**Task brief**
Copy the entries below verbatim, omitting any pictures they contain.

Stored entries
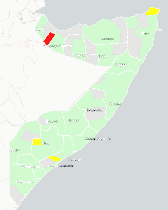 Zudem können auf der Website Informationen zur Entwicklung von Löhnen im Vergleich mit Getreidepreisen (Kilogramm Getreide für Tageslohn) abgerufen werden. Abweichungen vom Fünfjahresschnitt werden mit der Farbe Rot („Alarm“ – Rückgang ≥ 3 kg) und der Farbe Gelb („Alert“ – Rückgang um 1 bis 2 kg) ausgewiesen (FSNAU, ohne Datum(b); FSNAU, ohne Datum(c)). Folgende Landkarte stellt die Entwicklungen im August 2025 dar:
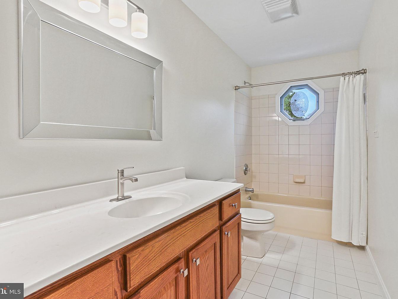This bathroom features a clean, functional layout with a single vanity topped by a smooth, white countertop and an undermount sink. The cabinetry below is crafted from warm-toned wood, adding a natural contrast to the otherwise neutral palette. Above the sink, a large rectangular mirror framed in silver complements the sleek three-light fixture, providing ample illumination. The bathtub and surrounding walls are tiled in soft beige tones, harmonizing with the pale tile flooring. An octagonal window with frosted details lets in natural light while maintaining privacy, elevating the simple, timeless design.
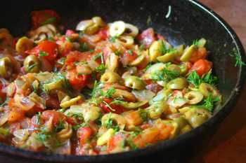 Лук мелко нарезаем, помидоры нарезаем кубиками. Оливки нарезаем кружками, зелень измельчаем. На растительном масле обжариваем лук, добавляем помидоры и тушим 5 минут.
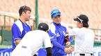 [OSEN=부산, 최규한 기자] 27일 오후 부산 사직구장에서 열리는 '2014 한국야쿠르트 세븐 프로야구' 롯데 자이언츠와 삼성 라이온즈의 경기를 앞두고, 삼성 채태인-이승엽과 롯데 박흥식-김응국 코치가 인사를 나누고 있다. 삼성은
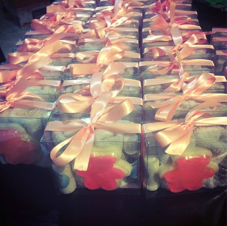 Los recuerdos los hicimos en casa, y elegimos jabones de glicerina, crema humectante y gel desinfectante para manos. Los pusimos en una caja de acetato acompañados de una toallita facial.
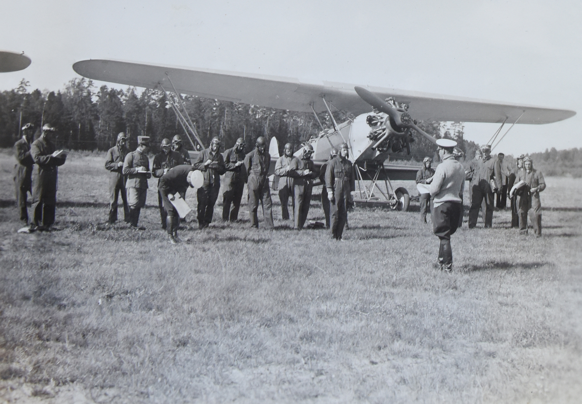 Ordergivning inför flygning vid arméspaningskurs på Malmen, cirka 1934.
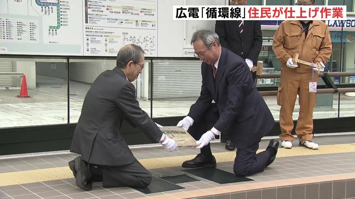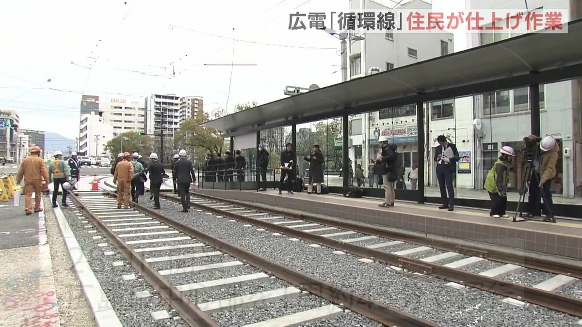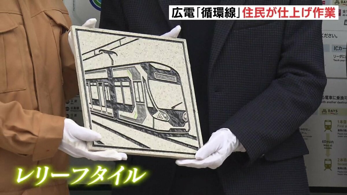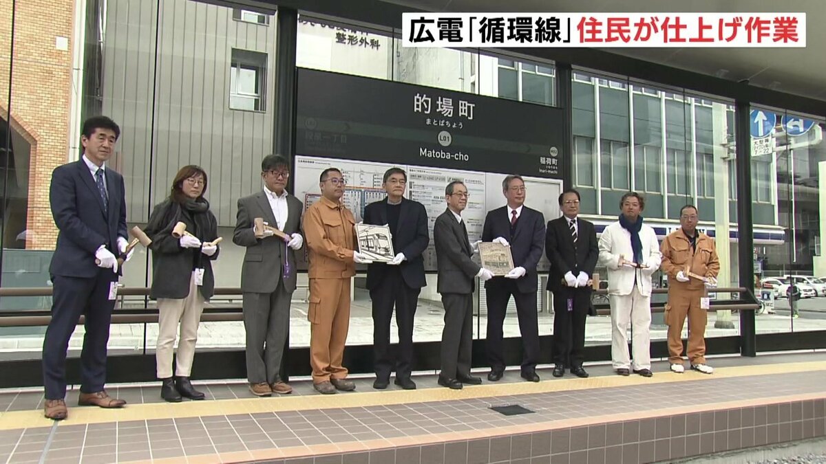 広島市の中心部を周回する「循環線」開業を1週間後に控え、的場町の住民が貸切電車で新ルートを一足先に体験しました。住民たちは、停留場で仕上げ作業の「レリーフタイル」を設置しました。

**Answer section**
 Zudem können auf der Website Informationen zur Entwicklung von Löhnen im Vergleich mit Getreidepreisen (Kilogramm Getreide für Tageslohn) abgerufen werden. Abweichungen vom Fünfjahresschnitt werden mit der Farbe Rot („Alarm“ – Rückgang ≥ 3 kg) und der Farbe Gelb („Alert“ – Rückgang um 1 bis 2 kg) ausgewiesen (FSNAU, ohne Datum(b); FSNAU, ohne Datum(c)). Folgende Landkarte stellt die Entwicklungen im August 2025 dar:
This bathroom features a clean, functional layout with a single vanity topped by a smooth, white countertop and an undermount sink. The cabinetry below is crafted from warm-toned wood, adding a natural contrast to the otherwise neutral palette. Above the sink, a large rectangular mirror framed in silver complements the sleek three-light fixture, providing ample illumination. The bathtub and surrounding walls are tiled in soft beige tones, harmonizing with the pale tile flooring. An octagonal window with frosted details lets in natural light while maintaining privacy, elevating the simple, timeless design.
 Лук мелко нарезаем, помидоры нарезаем кубиками. Оливки нарезаем кружками, зелень измельчаем. На растительном масле обжариваем лук, добавляем помидоры и тушим 5 минут.
 [OSEN=부산, 최규한 기자] 27일 오후 부산 사직구장에서 열리는 '2014 한국야쿠르트 세븐 프로야구' 롯데 자이언츠와 삼성 라이온즈의 경기를 앞두고, 삼성 채태인-이승엽과 롯데 박흥식-김응국 코치가 인사를 나누고 있다. 삼성은
 Los recuerdos los hicimos en casa, y elegimos jabones de glicerina, crema humectante y gel desinfectante para manos. Los pusimos en una caja de acetato acompañados de una toallita facial.
 Ordergivning inför flygning vid arméspaningskurs på Malmen, cirka 1934.
 広島市の中心部を周回する「循環線」開業を1週間後に控え、的場町の住民が貸切電車で新ルートを一足先に体験しました。住民たちは、停留場で仕上げ作業の「レリーフタイル」を設置しました。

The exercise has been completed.